The nine-year link between Australian and Chinese stocks is breaking down.
The CHART OF THE DAY shows the 120-day correlation between the S&P/ASX 200 Index and Hang Seng China Enterprises Index reached 0.3 last month, the lowest since December 2004, compared with an average of 0.6 over the period. A reading of 1 would indicate the two assets are in lockstep, while zero would represent no relationship.
Investors are speculating Australia’s economy will withstand a slowdown in China, its biggest trading partner, as record-low interest rates boost consumer spending, hiring and house-building amid a drop in mining investment. The price of iron ore, Australia’s largest export, fell 13 percent last quarter as Chinese demand for the steelmaking ingredient waned.
“We are starting to transition away from Australia’s reliance on China,” said Shane Oliver, who helps oversee about $130 billion as Sydney-based head of investment strategy at AMP Capital Investors Ltd. “The Reserve Bank of Australia has taken the brakes off and that’s ultimately led to confidence in a rebalancing of the economy away from mining. We’ve disconnected from the Chinese share market.”

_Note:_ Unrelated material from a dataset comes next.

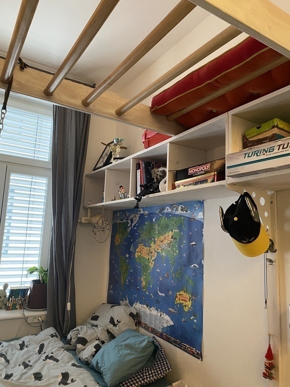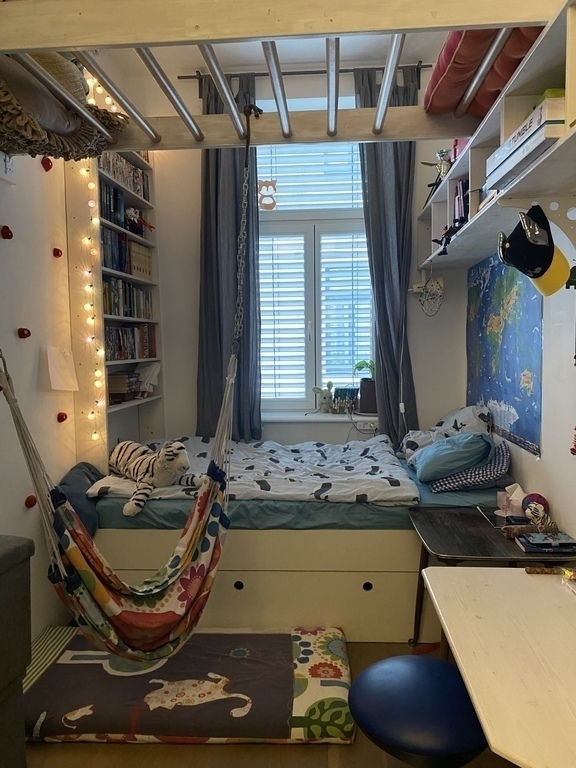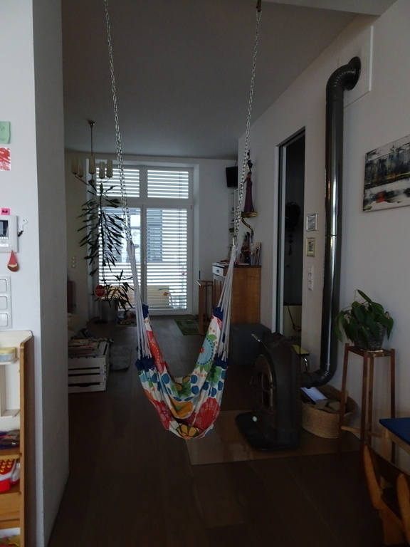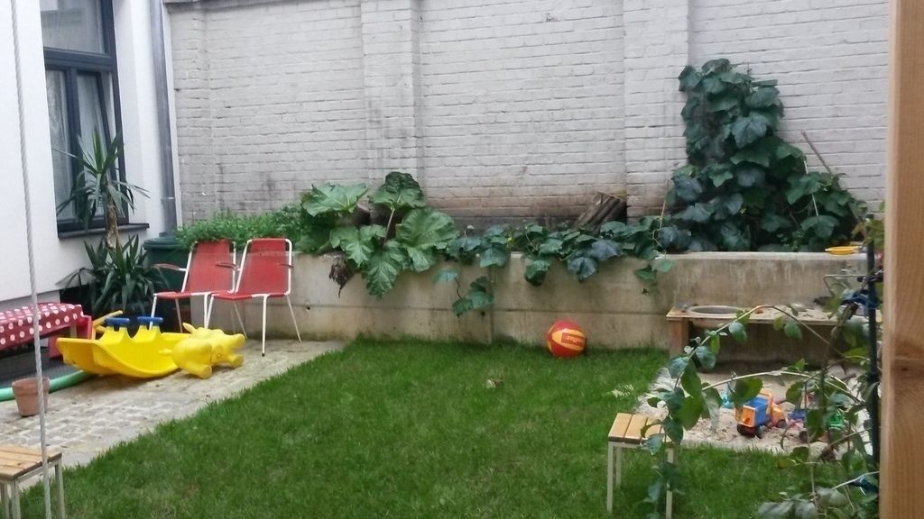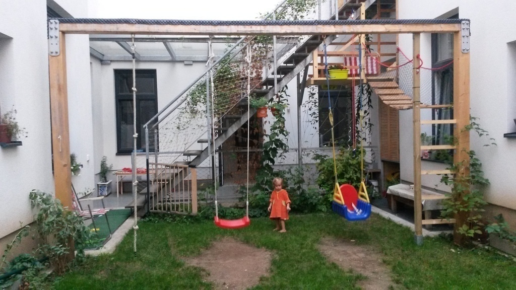 Our flat has a great balcony and we have an own garden with playground for the children and a children-house.

The Australian benchmark gauge has advanced 8.4 percent in the past 12 months and hit the highest level in almost five years in March, while the Chinese measure slumped 7.3 percent. The weighting of materials producers on the S&P/ASX 200 has fallen to 18 percent from 30 percent in June 2008, while financial companies have grown to 45 percent from 33 percent.
Building approvals surged 23 percent in February from a year earlier and employers increased full-time payrolls by the most in more than two decades, according to the statistics bureau. Retail sales posted the biggest jump in almost a year in January. RBA Governor Glenn Stevens left the key interest rate unchanged this week at 2.5 percent and reiterated that borrowing costs were likely to remain steady for a period.